Our error definition system was limited to ball contact and drops, which may not capture the full spectrum of performance errors. Future research should consider a more comprehensive error taxonomy including: rotation cessations or interruptions (when ball movement momentarily stops); hand posture deviations (when the palm significantly tilts from the horizontal plane); finger movement errors (e.g., uncoordinated finger movements, excessive force application, and inappropriate finger positioning); trajectory deviations (e.g., balls moving outside optimal rotation paths without falling); and momentary movement cessations. Such an expanded error classification would provide a more nuanced assessment of motor performance and potentially reveal subtle effects of different observation durations on specific aspects of motor execution.
Finally, this study evaluated only the immediate effect of a single AOT intervention, and not multiple-week interventions or long-term sustained effects relevant to clinical practice.

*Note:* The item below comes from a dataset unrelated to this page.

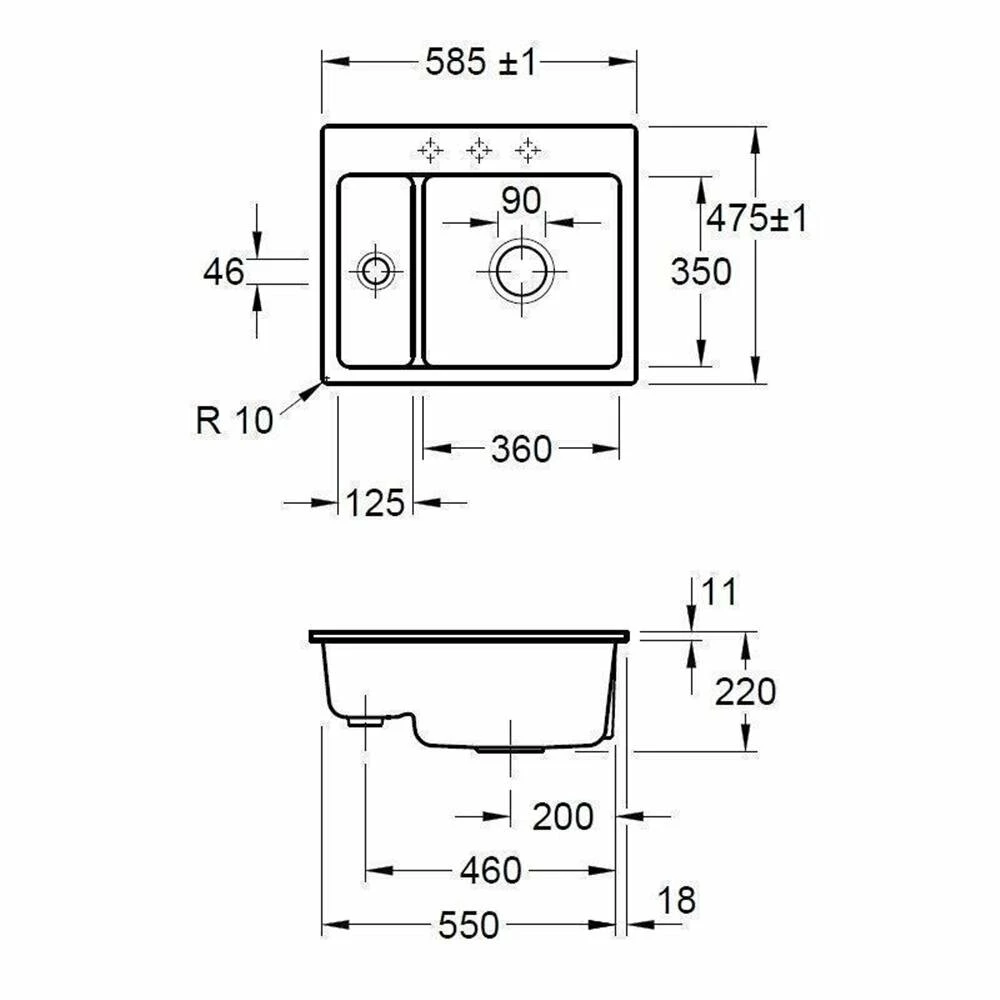 - 1 Lochbohrung für die Küchenarmatur ist grundsätzlich erforderlich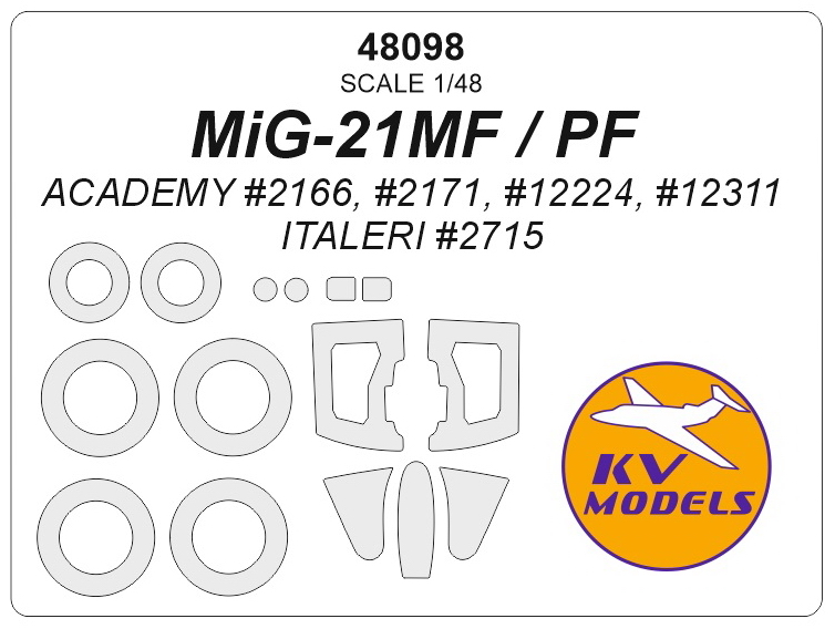 KVモデル 48098 1/48 MiG-21MF / PF (アカデミー #2166, #2171, #12224, #12311 / イタレリ #2715) +ホイール キャノピーマスキングシート

To develop a more practical and effective treatment model, investigation of long-term effects is essential.
4.5. Clinical and Academic Significance
The present study focused on the most basic AOT methodology, observation duration, which is an important parameter thought to affect intervention effects and treatment continuity. Therefore, the findings of this study provide practical knowledge that can help achieve more efficient AOT in clinical settings. The study also examined the effects of different observation durations from three multifaceted aspects: behavioral, neurophysiological, and psychomotor. The insights provided on these interactions will contribute to the elucidation of the mechanism of action of AOT.
5. Conclusions
This study investigated how different observation durations affect manual dexterity, MNS activity, and subjective psychomotor effort. Our results showed that 2 min observation improved right hand (intervention hand) dexterity and increased MNS activity, while 3 min observation improved left hand (non-intervention hand) dexterity but led to higher mental fatigue and lower concentration compared to 1 min observation.

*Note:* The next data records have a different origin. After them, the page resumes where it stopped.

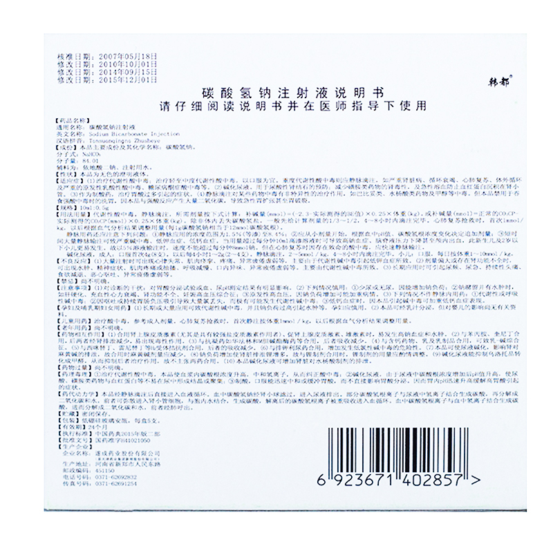 碳酸氢钠注射液 10ml:0.5g*5支 遂成药业股份有限公司(原天津新郑)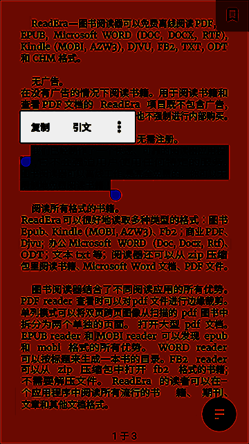 1、多格式兼容:Readera支持TXT、DOC、PDF、Kindle(MOBI、AZW3)、Fb2、Epub、Djvu等常见电子书格式,用户无需安装多个阅读器。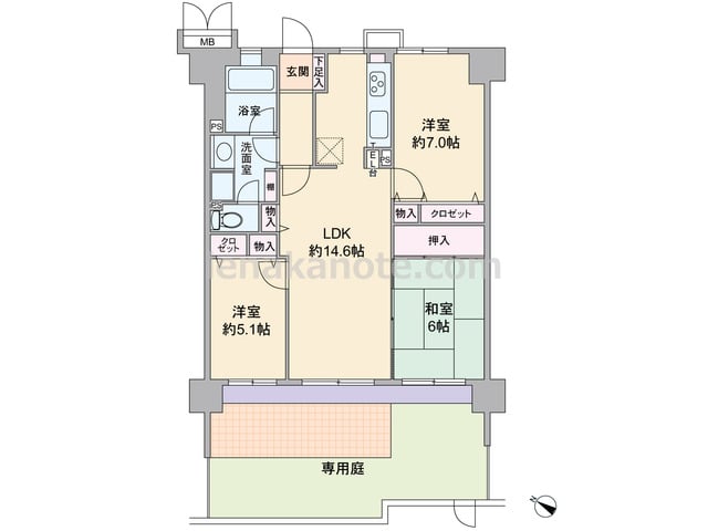 専有面積72.54平米の3LDK。専用庭付きプラン。どの部屋もLDKを通ってアクセスするため、家族のコミュニケーションの機会が増えます。生活感の出やすいキッチンは奥まって配置され、キッチンと浴室の窓は換気がしやすく快適です。各居室とLDK...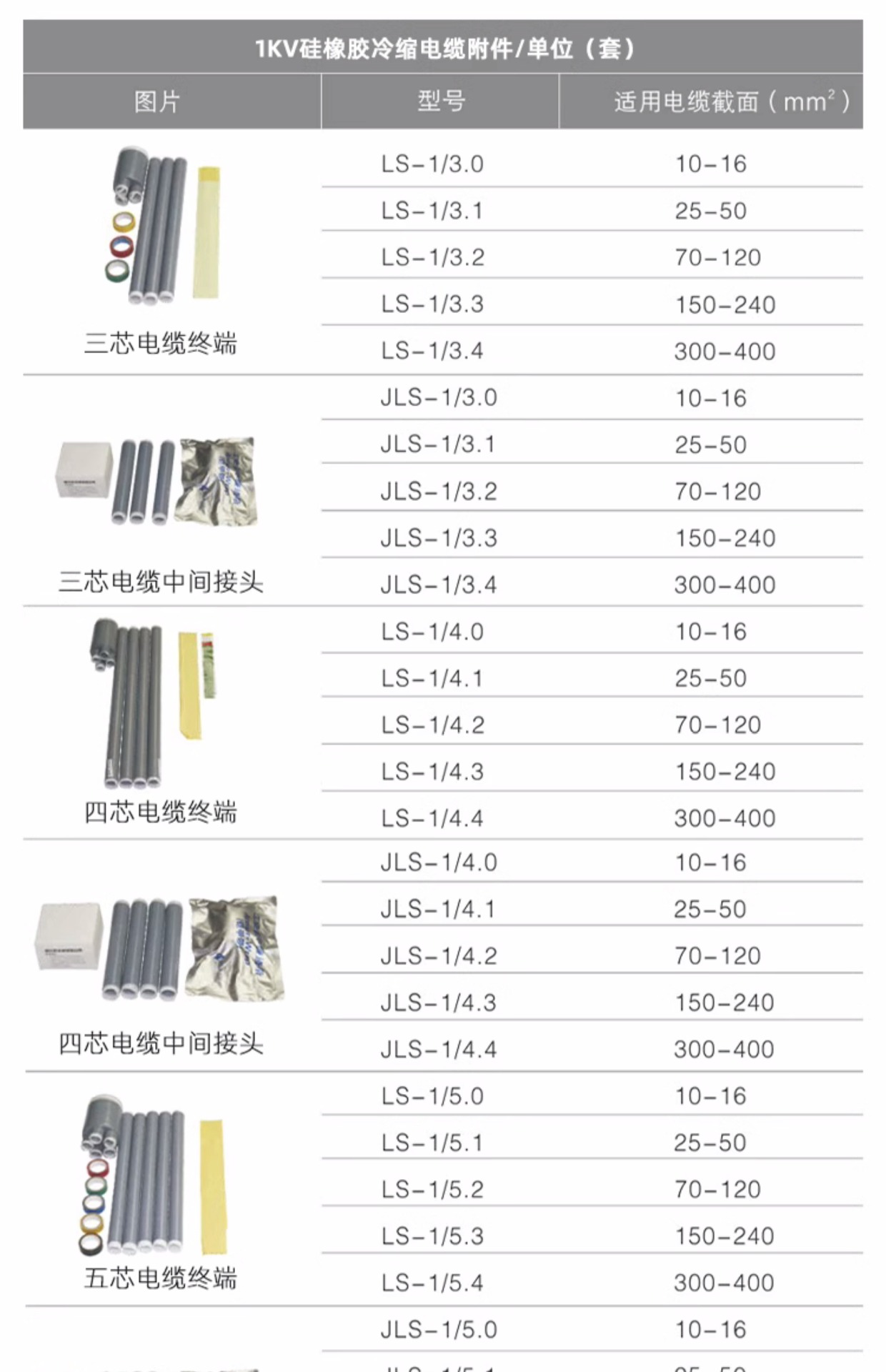 民熔1kv低压冷缩电缆终端头LS-1/3.1 4.1 5.1三/四/ 五芯光伏专用

Limitations include our inability to control the total AOT implementation time or observation-to-execution ratio between conditions, variation in potential placebo effects between still image and video observation conditions, lack of control for specific observation strategies used by participants, limited error definition system that may not capture the full spectrum of performance errors, restriction to healthy young right-handed participants, and evaluation of only the immediate effects of a single intervention. These factors may limit the generalizability of our findings to clinical populations and left-handed individuals.
This study provides practical knowledge about observation duration, a fundamental AOT parameter, and offers insights into AOT mechanisms through behavioral, neurophysiological, and psychomotor assessments. Future research should investigate long-term effects in clinical populations considering factors such as brain injury severity and recovery stage, optimize observation–execution ratios, implement control conditions with comparable placebo effects, include more comprehensive error taxonomies, measure specific observation strategies, and correlate clinical improvements with neural network changes to better understand AOT’s neuroplastic processes.